INDONESIA Mining Summit 2024 berfokus pada sektor pertambangan di Indonesia. Kegiatan bertujuan untuk mempertemukan pemangku kepentingan utama, termasuk perusahaan tambang, pemerintah, penyedia teknologi, dan investor, untuk sama sama berdiskusi mengenai perkembangan, tantangan, dan peluang dalam industri pertambangan di Indonesia.
Tri Winardo Direktur Jenderal Mineral dan Batubara, menyoroti pentingnya inovasi dalam mengambil kebijakan strategis, dan kerangka kerja yang efektif dalam mendukung keberlanjutan ekonomi melalui sektor pertambangan.

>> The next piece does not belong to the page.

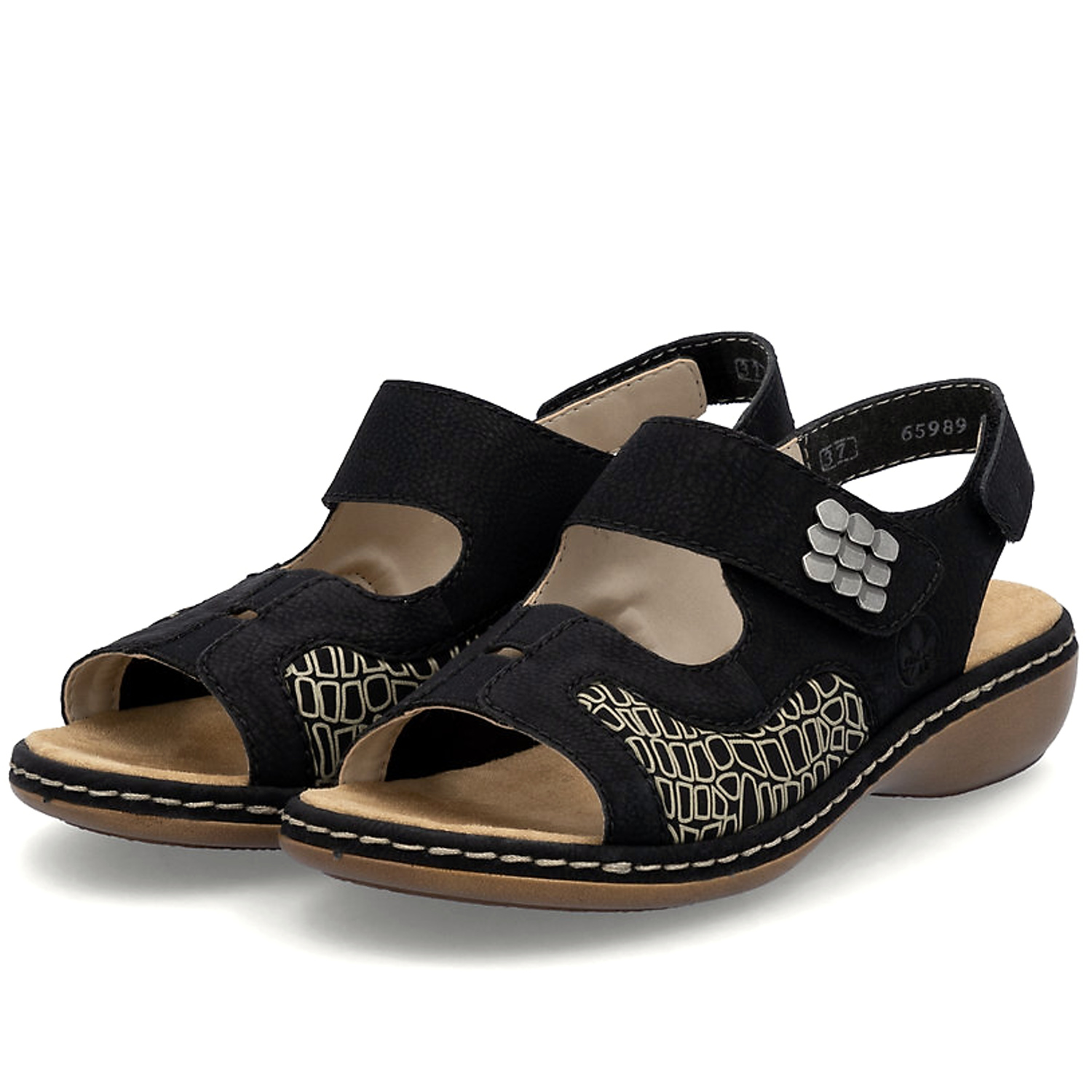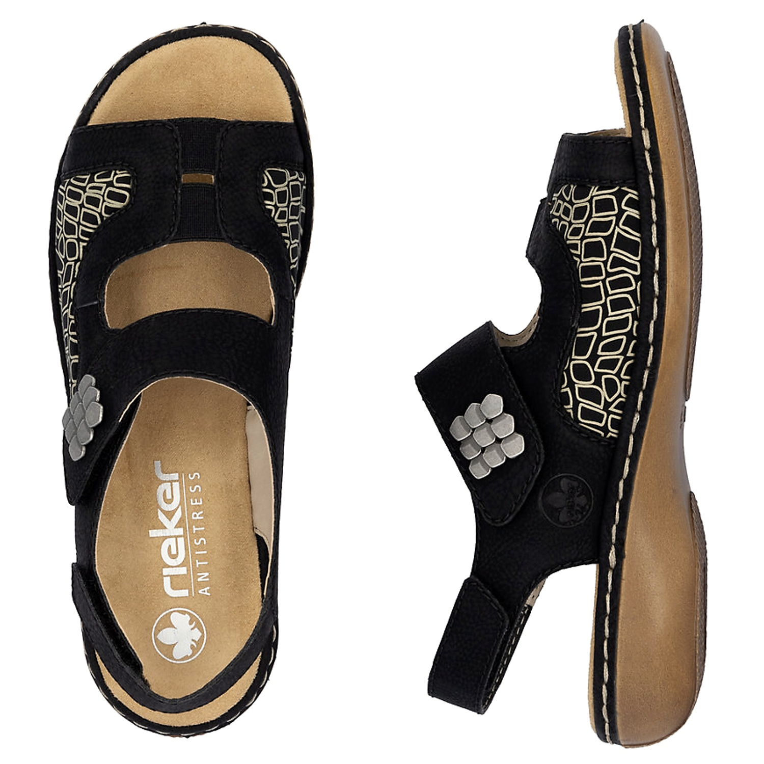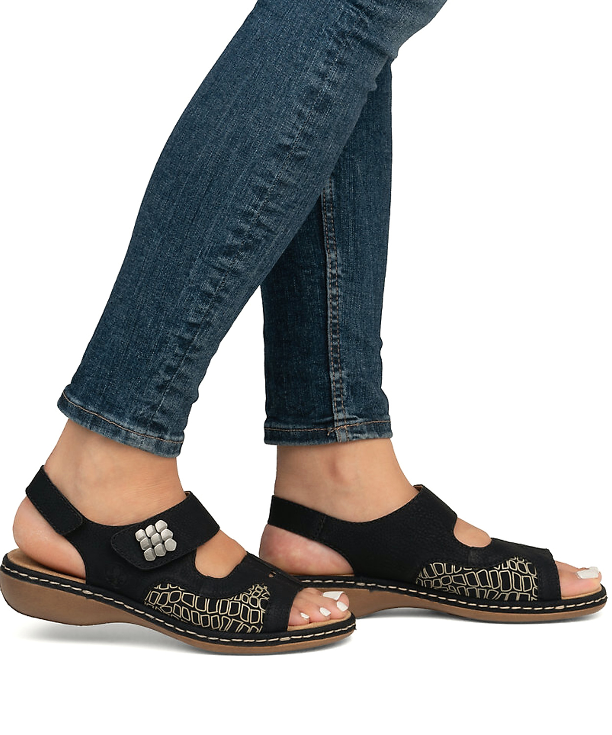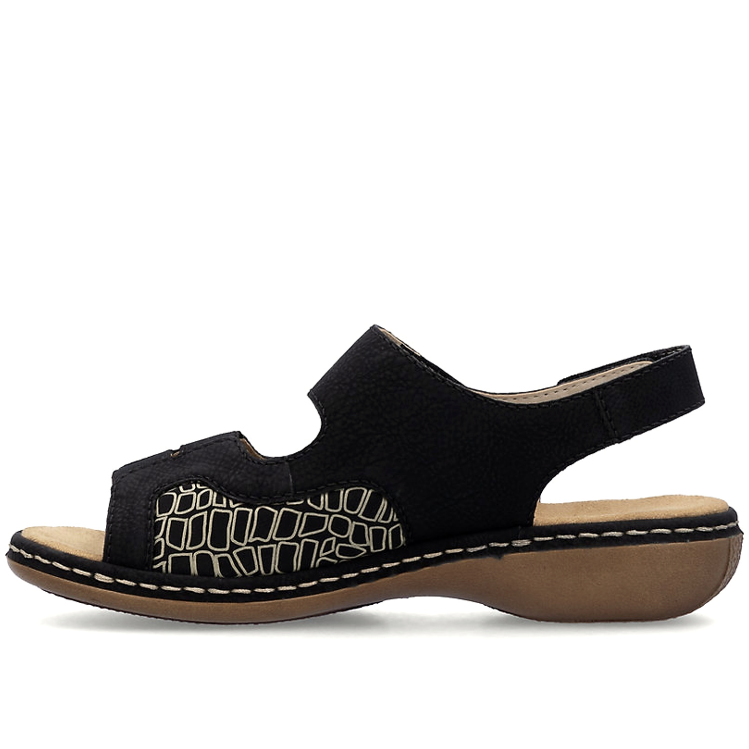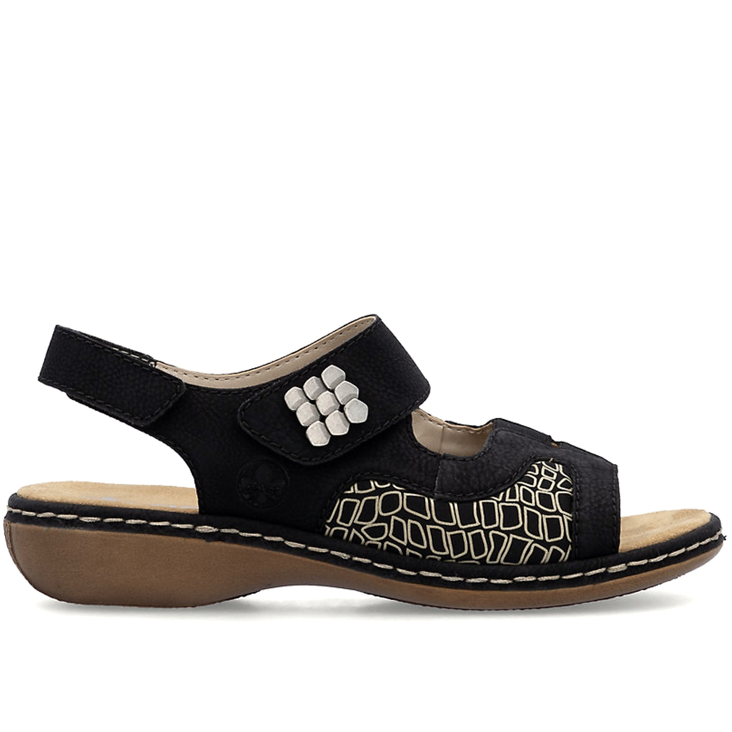 Dámske sandále od nemeckej značky RIEKER. Model v čiernej farbe s výraznou potlačou a dekoráciou na pásiku, ktorá dodáva modelu jedinečný charakter. Pásiky vybavené suchými zipsami umožňujú jednoduché nastavenie a pohodlné nosenie podľa vašich potrieb. Mäkká stielka sa postará o príjemný pocit pri každom kroku, zatiaľ čo špeciálna podošva tlmiaca nárazy zaistí komfort aj pri dlhšom nosení.

“Inovasi yang dimaksud pemanfaatan teknologi canggih seperti AI, IoT, dan big data untuk meningkatkan efisiensi eksplorasi, pengolahan mineral, dan manajemen sumber daya,” tutur Tri.
Salah satu urgensi transformasi di sektor pertambangan untuk menghadapi tantangan global dengan memastikan keberlanjutan ekonomi, dan mendukung pembangunan yang inklusif dan berkelanjutan.

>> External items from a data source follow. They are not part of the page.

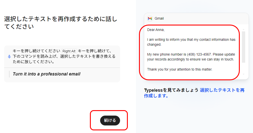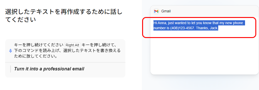 「Turn it into a professional email」と
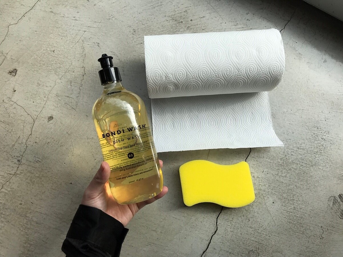 工具:廚房紙巾、碗盤清潔液
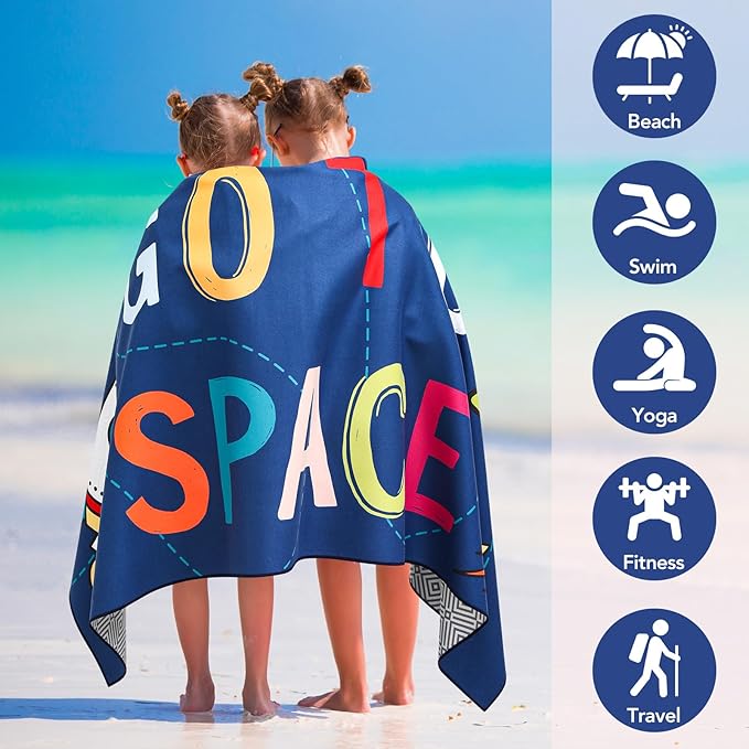 2 Pack Microfiber Beach Towel, Kids' Microfiber Pool Towel 58”x 28”, Sand-Free Beach Towel, Quick Drying Camping Towel, Super Absorbent Bath Towel Blanket, Soft Breathable and Lightweight
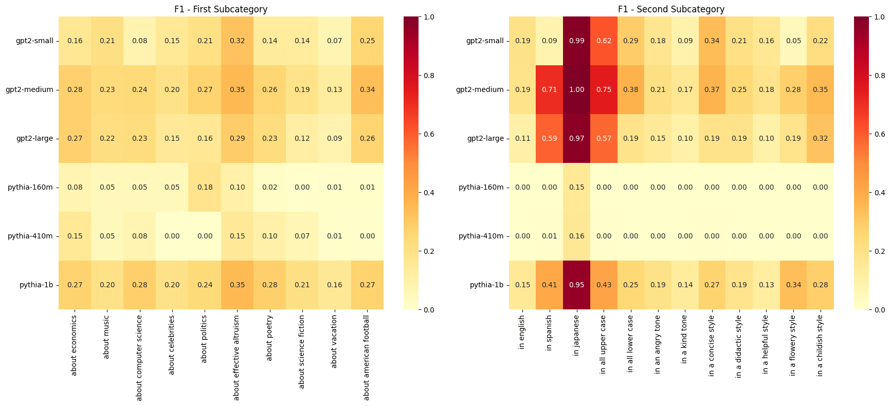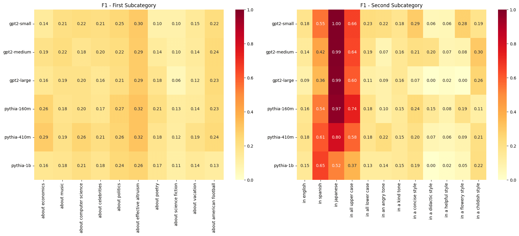 Using the same dataset from the previous post of sentences generated by Claude 3.5 Sonnet across ten subjects and twelve attributes, I analyzed six models: Pythia-160m, Pythia-410m, Pythia-1b, GPT2-Small, GPT2-Medium, and GPT2-Large. For each subject-attribute pair (e.g., "about computer science" and "in all upper case"), I split the data 80/20 into train/test sets.
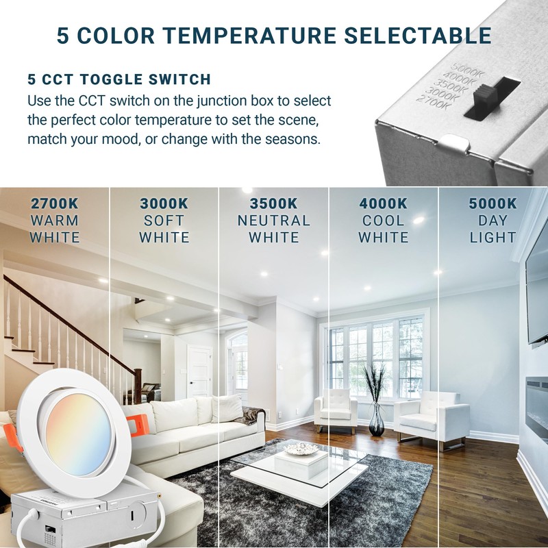 - 5 COLOR TEMPERATURE SWITCH: Set the color temperature of your lights to the desired level with a simple flip of a switch on the junction box. Choose between Warm White (2700K), Soft White (3000K), Neutral White (3500K), Cool White (4000K), and Day Light (5000K).

Tujuan besar dari Indonesia Mining Summit untuk menarik Investasi dengan meningkatkan minat investor global dalam industri pertambangan di Indonesia. Serta memperkenalkan teknologi baru seperti mempromosikan penggunaan teknologi canggih untuk meningkatkan efisiensi dan keberlanjutan dalam operasi tambang.
Jika berkaca pada 2014 silam bahwa sektor minerba hanya mampu berkontribusi sebesar Rp 29 triliun terhadap PNBP, saat ini sudah tumbuh berkali-kali lipat hingga mencapai Rp 170 triliun.

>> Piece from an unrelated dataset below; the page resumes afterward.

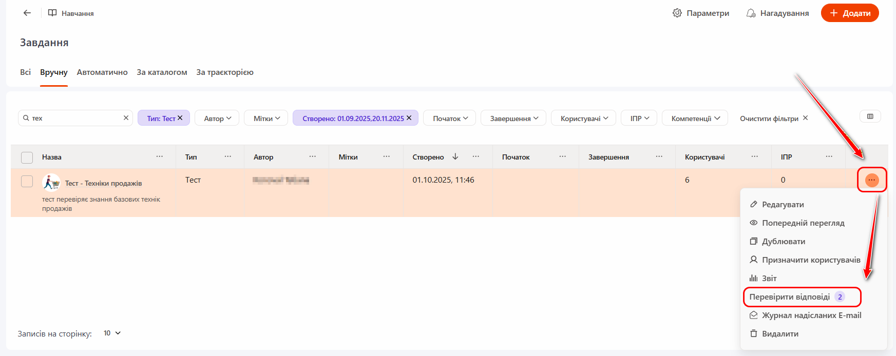 Якщо в складі завдання (типу тест, курс, програма або комплексний тест) є питання з вільною відповіддю, які потребують перевірки, у меню кнопки Дія (13) з’явиться пункт "Перевірити відповіді" для переходу на сторінку Відповіді на перевірку.
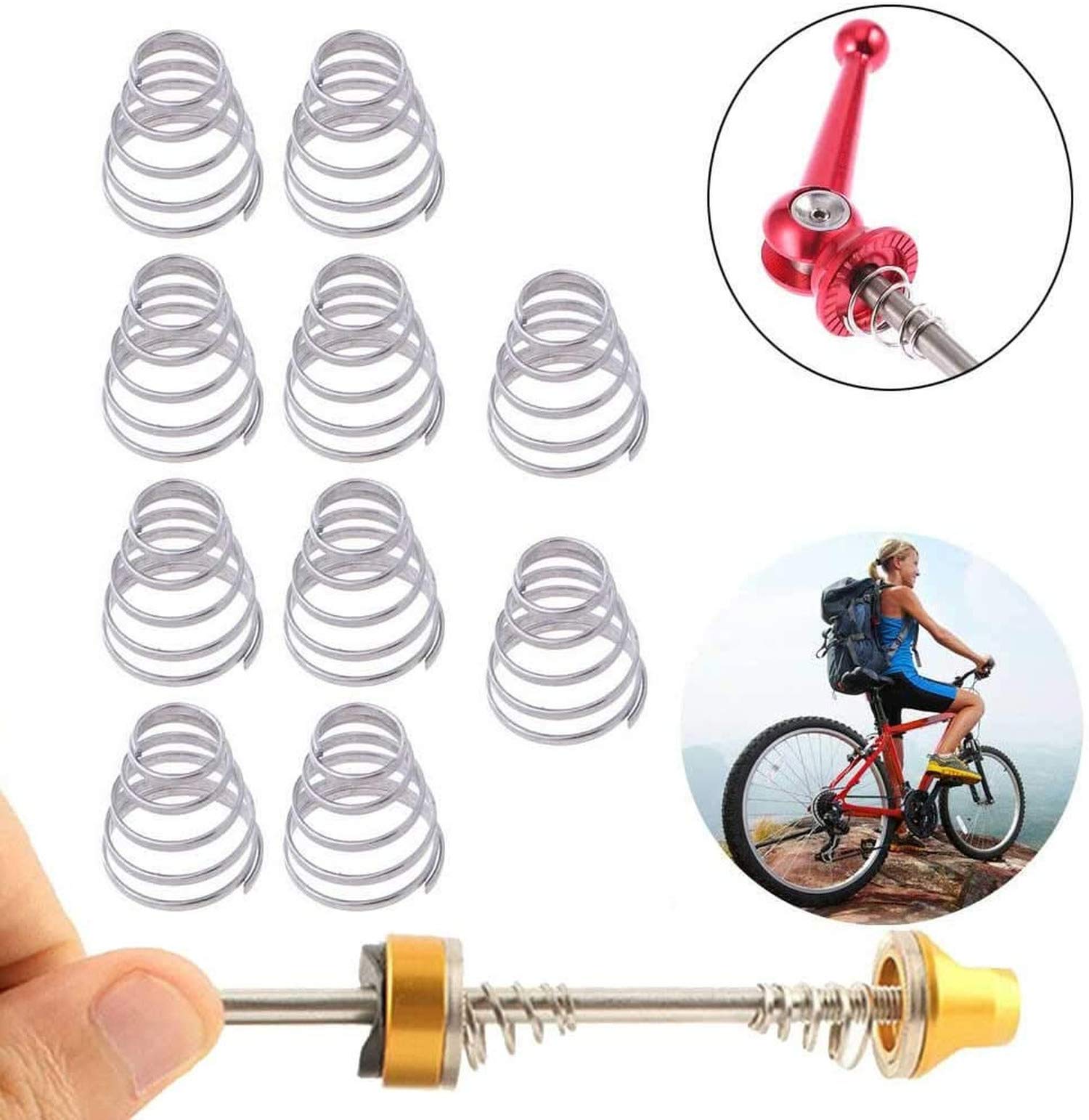 Mountainbiker und Radfahrer, diese Schnellspanner-Federn sind lebenswichtig für eure Räder! 10 Stück im Set - immer genug Ersatz parat. In silber, passend für die meisten Schnellspannhebel an Vorder- und Hinterrad. Wenn dein Schnellspanner nicht mehr richtig hält oder schwergängig ist, sind meist die Federn schuld. Einfach auswechseln und schon funktioniert dein Schnellspanner wieder wie neu. Super wichtig für deine Sicherheit - denn lose Räder sind gefährlich! Kleines Teil, große Wirkung - hab immer welche in der Werkstatt griffbereit. Bei dem Preis kannst du dir ruhig ein paar Sets gönnen!

“Memang dulu (sektor minerba) tidak terlalu dijadikan sebagai sumber pendapatan utama negara. Tapi sekarang ini 10-11 persen dari PNBP itu berasal dari sektor Minerba,” tuturnya.
Selain itu, dan yang terpenting menurut Tri perlu ruang diskusi mengenai kebijakan, menjadi platform bagi pemerintah dan pelaku industri untuk membahas regulasi, kebijakan, dan tren terkini. Melalui kemitraan strategis untuk mendorong kolaborasi antara berbagai pihak di sektor ini.
“Diskusi tentang kebijakan pertambangan terbaru termasuk upaya untuk memastikan keberlanjutan lingkungan dan efisiensi operasional,” ujarnya.
Selaras dengan instruksi Presiden Republik Indonesia Prabowo Subianto dan Menteri ESDM, Tri menekankan pentingnya memanfaatkan bonus demografi yang diperkirakan akan dimulai pada tahun 2030.
“Tidak ada negara yang bisa melesat dari middle income trap ke high income tanpa memanfaatkan potensi demografi yang ada,” ungkapnya.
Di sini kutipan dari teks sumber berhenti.